Objective
This study aims to develop and validate a CT-based radiomics model for predicting the prognosis of head and neck cancer patients, particularly those with nasopharyngeal carcinoma (NPC), following intensity-modulated radiation therapy (IMRT).
Methods
We conducted a retrospective analysis involving 392 pathologically confirmed NPC patients from two centers. Center A contributed 226 patients to the training cohort, while Center B provided 64 patients for the validation cohort. Features extracted from CT images were utilized to develop two predictive models: a clinically combined radiomics model and a standalone radiomics model. Dimensionality reduction and nested cross-validation were employed in the model development process.
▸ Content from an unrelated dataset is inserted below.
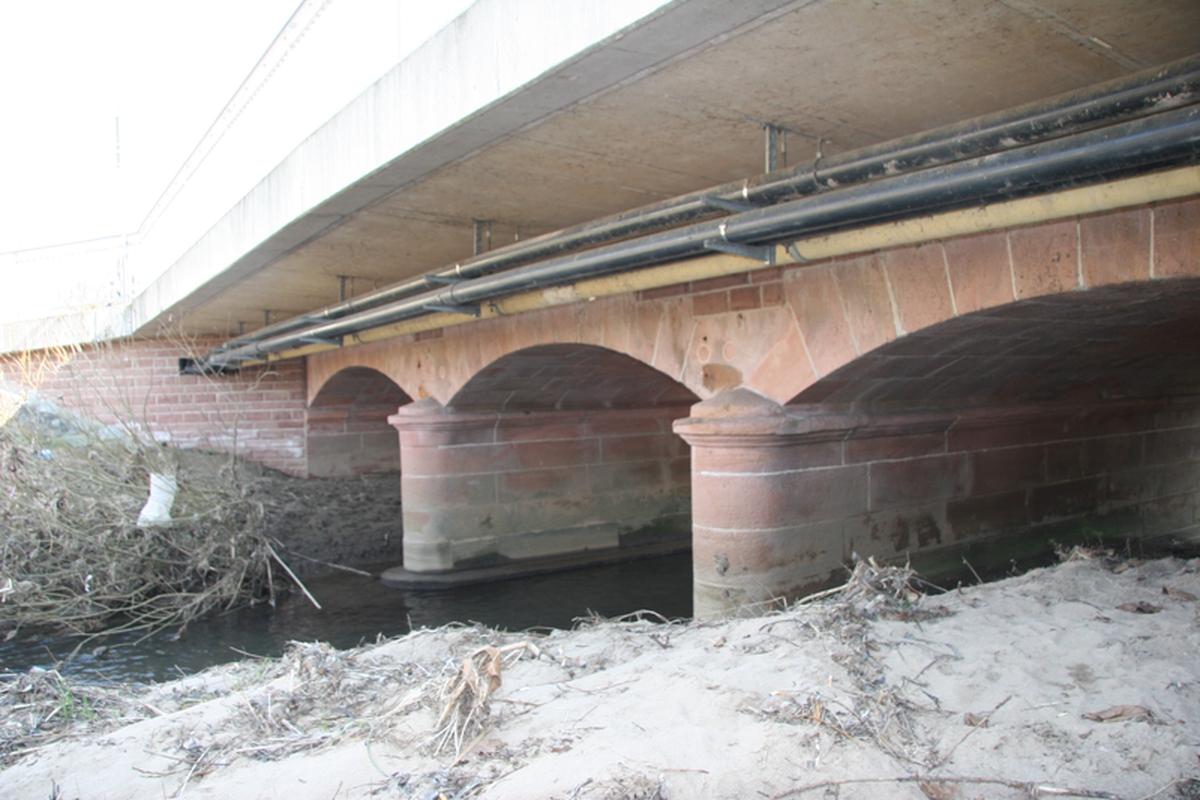 Die über den Glaubersgraben führende Brücke ist als dreibogige Brücke aus großformatigen Sandsteinquadern errichtet, die sich in flach gewölbten Bögen auf gerundete, oberhalb der Wasseroberfläche in Sandsteinquadern gefügte Poller stützt. Die Brückenwangen sind zu den Böschungen hin abgeschrägt und ebenfalls sandsteinverkleidet. Die Fahrbahn wurde in jüngerer Zeit durch eine aufgesetzte Fahrbahn verbreitert und den aktuellen Verkehrsansprüchen angepasst. Das im ausgehenden 19. Jahrhundert errichtete Brückenbauwerk, das die städtische Erweiterung Dieburgs nach Südwesten hin dokumentiert, ist aus geschichtlichen Gründen geschützt.

The performance of the models was assessed and validated using receiver operating characteristic (ROC) curves and decision curve analysis (DCA), with differences between the models evaluated using the DeLong test.
Results
Our findings indicate that the clinically combined radiomics model outperforms the standalone radiomics model in prognostic prediction. The area under the curve (AUC) for the combined model was 0.90 in the training cohort, while the validation cohort achieved an AUC of 0.86. DCA further confirmed that the performance of all models exceeded that of blindly predicting patient outcomes as either all negative or all positive. Subsequent comparisons using the DeLong test revealed significant differences in predictive performance between the standalone radiomics model and the clinically combined radiomics model, with P-values <0.05.
Conclusion
The clinically combined radiomics model demonstrates promising performance in predicting the prognosis of NPC patients following IMRT.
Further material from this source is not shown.